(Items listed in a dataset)
----
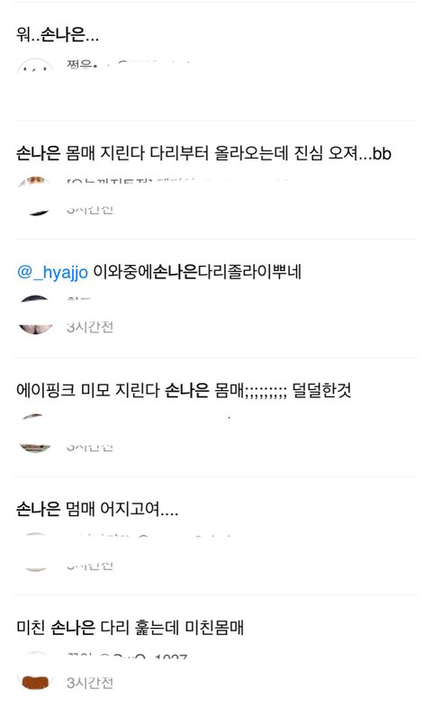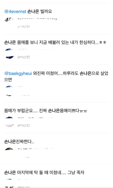 오늘자 뮤직뱅크 손나은 반응 트윗글들
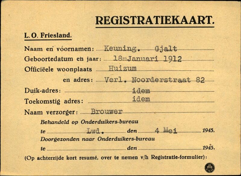 Duikadres: Verlengde Noorderstraat 82, Huizum - Oorspronkelijk adres: Verlengde Noorderstraat 82, Huizum - Reden onderduik: arbeidsinzet - Overige opmerkingen: Achterkant bijzonderheden: gewijzigd PB. goede stkrt. - Achterkant beroep: Reiziger
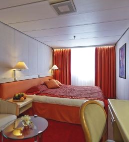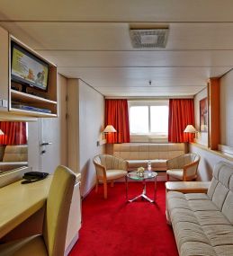 Beschreibung: Die Balkon-Suiten sind ca. 30 m² groß und verfügen jeweils über ein Doppelbett oder zwei Einzelbetten sowie ein Bad mit Dusche und WC. Im Wohnbereich befindet sich eine Sitzecke sowie ein Fernseher. Um das Gepäck zu verstauen, steht ein Schrank zur Verfügung. Weitere Annehmlichkeiten der Balkon-Suiten sind ein Kühlschrank, eine Klimaanlage, ein DVD-Player sowie ein Satellitentelefon. Bodenhohe Fenster eröffnen den Blick auf den großzügigen Balkon, auf dem Sie hochwertige Sitzgelegenheiten zum Entspannen vorfinden. Alle Balkon-Suiten wurden 2015 renoviert.
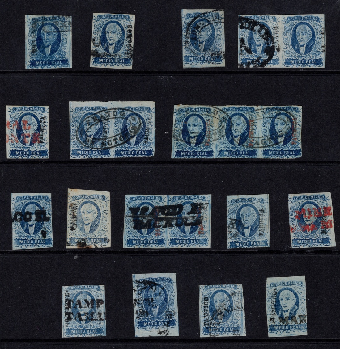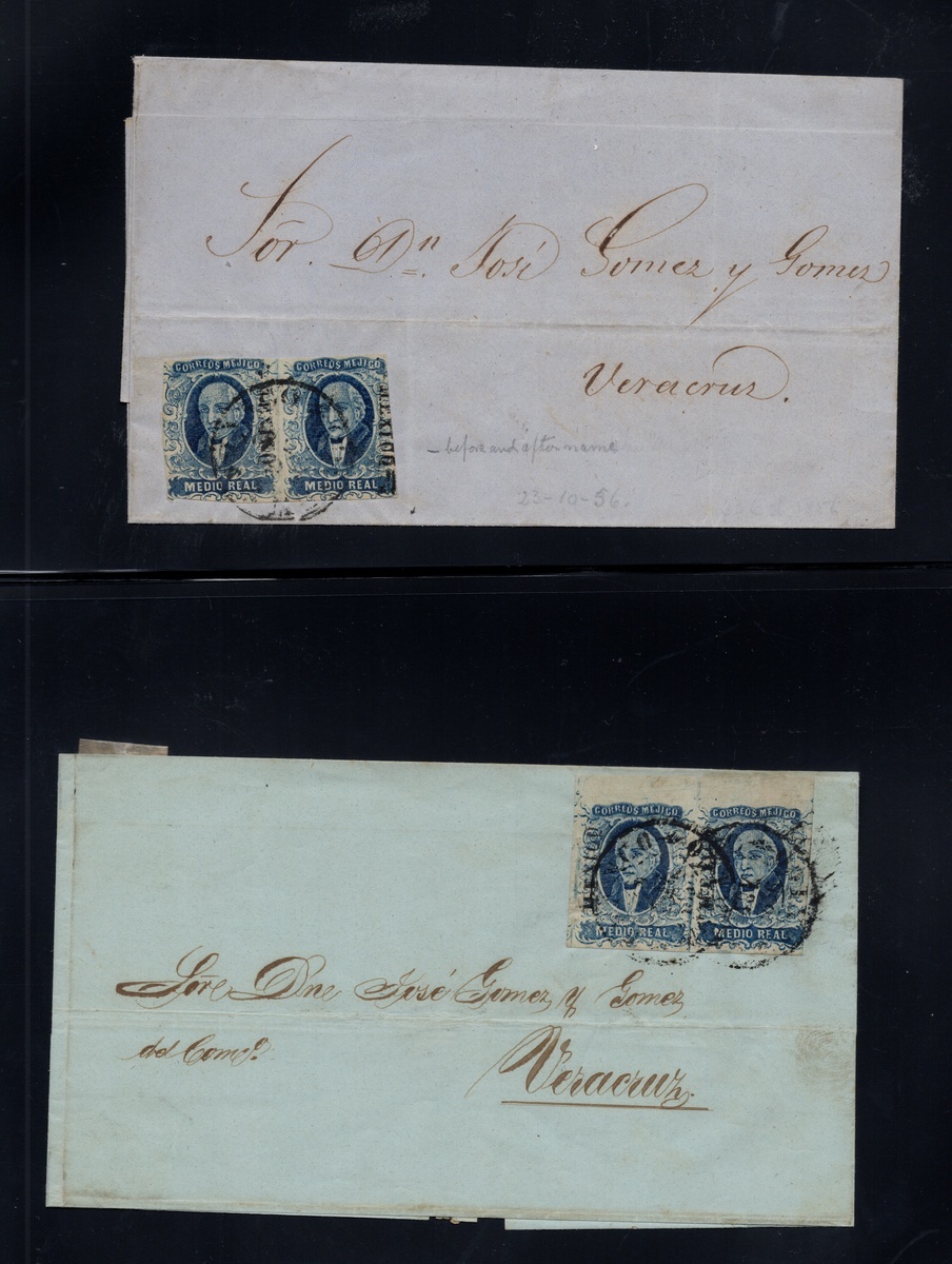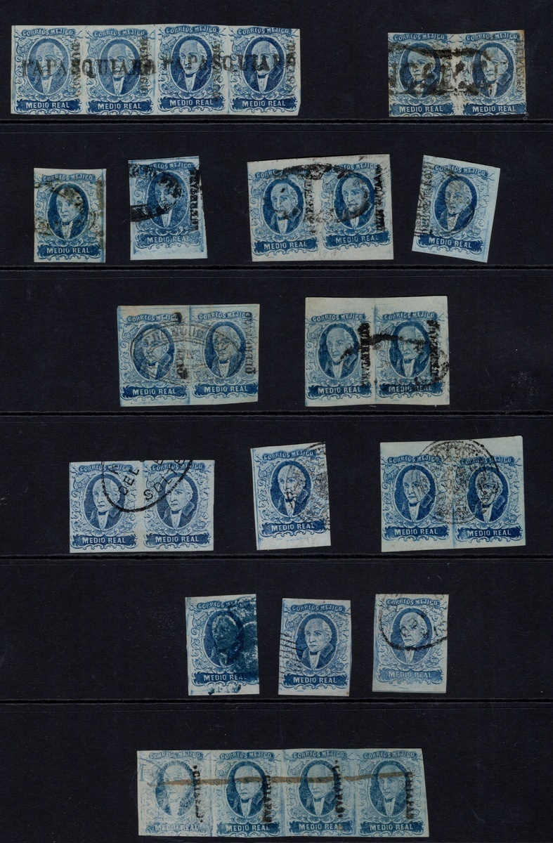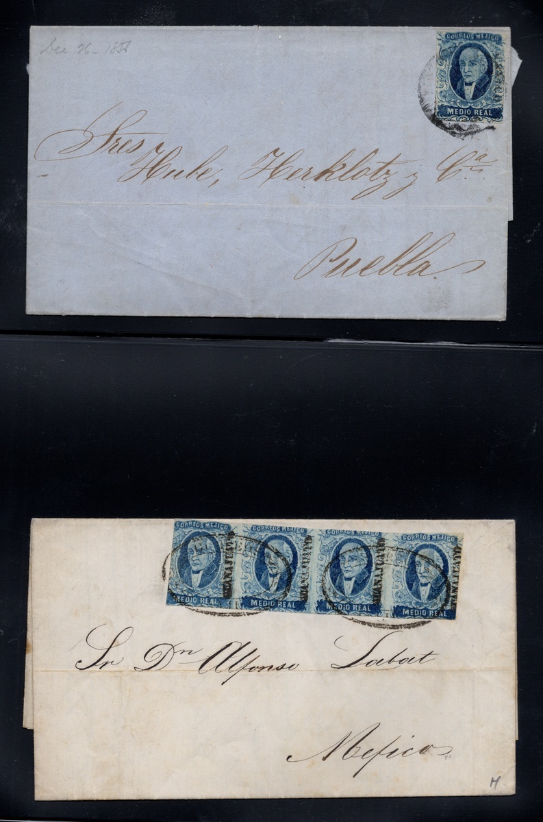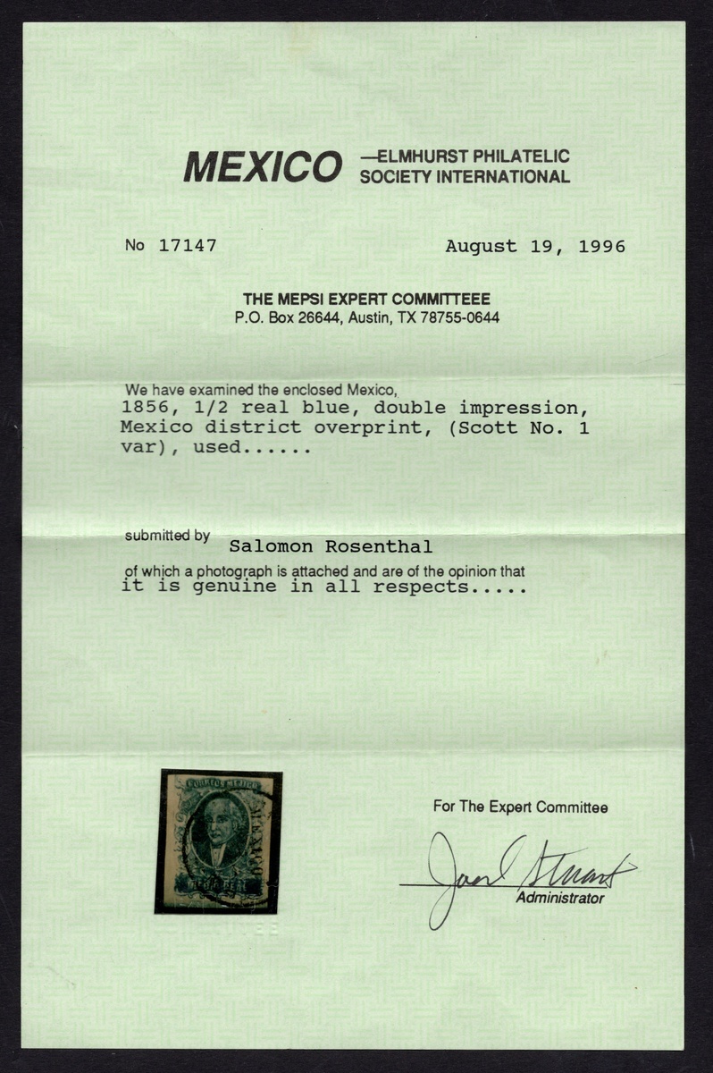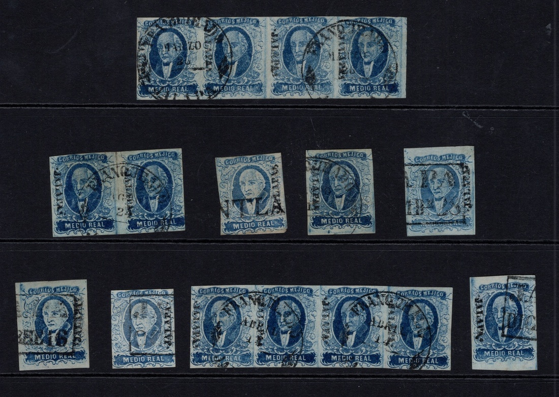 Various Districts ½r. Blue, group of ten covers, two cover fronts and 69 used stamps. Additionally, there is a very attractive "Across the Lines" cover front franked by a 2r. green, as well as a postal fraud cover bearing a reused, cancelled 2r. green. The covers are appealing, showing single usages, pairs, or strips of four from the districts of Veracruz, Querétaro, Mexico, and Guanajuato. One front features a strip of four from Durango. The stamps include a dramatic double printing with a 1996 MEPSI certificate, as well as examples from the following districts: Córdova, Chalco, Pachuca, Tampico, Jalapa (one strip accompanied by a 1995 PF certificate), Durango, Querétaro, Apam and Chiapas. Most stamps have three to four margins. Scott 1, 3; NF $2,250 for the off-cover stamps alone.,
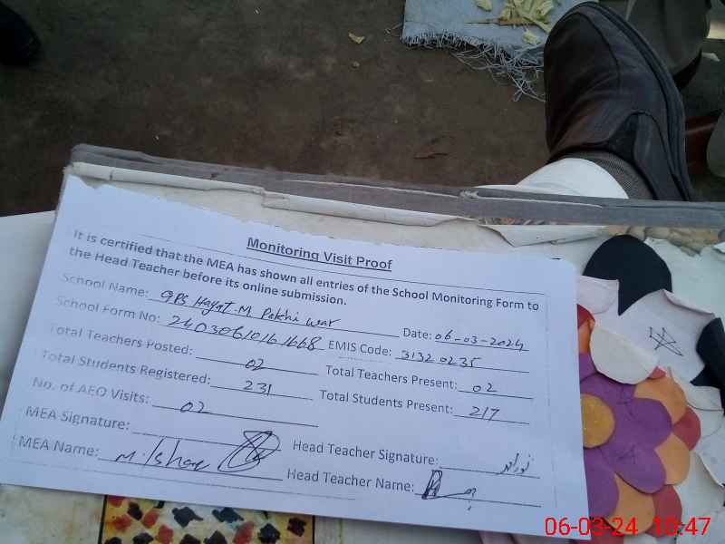 | EMIS Code: 31320235 | Name of School: GPS HAYAT MUHAMMAD PAKHIWAR | |||
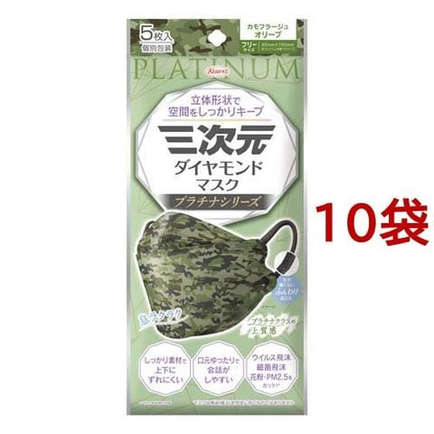 三次元ダイヤモンドマスク プラチナ フリーサイズ カモフラージュオリーブ (5枚入*10袋セット)
----
Write out all the records again, exactly, minus any pictures.

 오늘자 뮤직뱅크 손나은 반응 트윗글들
 Duikadres: Verlengde Noorderstraat 82, Huizum - Oorspronkelijk adres: Verlengde Noorderstraat 82, Huizum - Reden onderduik: arbeidsinzet - Overige opmerkingen: Achterkant bijzonderheden: gewijzigd PB. goede stkrt. - Achterkant beroep: Reiziger
 Beschreibung: Die Balkon-Suiten sind ca. 30 m² groß und verfügen jeweils über ein Doppelbett oder zwei Einzelbetten sowie ein Bad mit Dusche und WC. Im Wohnbereich befindet sich eine Sitzecke sowie ein Fernseher. Um das Gepäck zu verstauen, steht ein Schrank zur Verfügung. Weitere Annehmlichkeiten der Balkon-Suiten sind ein Kühlschrank, eine Klimaanlage, ein DVD-Player sowie ein Satellitentelefon. Bodenhohe Fenster eröffnen den Blick auf den großzügigen Balkon, auf dem Sie hochwertige Sitzgelegenheiten zum Entspannen vorfinden. Alle Balkon-Suiten wurden 2015 renoviert.
 Various Districts ½r. Blue, group of ten covers, two cover fronts and 69 used stamps. Additionally, there is a very attractive "Across the Lines" cover front franked by a 2r. green, as well as a postal fraud cover bearing a reused, cancelled 2r. green. The covers are appealing, showing single usages, pairs, or strips of four from the districts of Veracruz, Querétaro, Mexico, and Guanajuato. One front features a strip of four from Durango. The stamps include a dramatic double printing with a 1996 MEPSI certificate, as well as examples from the following districts: Córdova, Chalco, Pachuca, Tampico, Jalapa (one strip accompanied by a 1995 PF certificate), Durango, Querétaro, Apam and Chiapas. Most stamps have three to four margins. Scott 1, 3; NF $2,250 for the off-cover stamps alone.,
 | EMIS Code: 31320235 | Name of School: GPS HAYAT MUHAMMAD PAKHIWAR | |||
 三次元ダイヤモンドマスク プラチナ フリーサイズ カモフラージュオリーブ (5枚入*10袋セット)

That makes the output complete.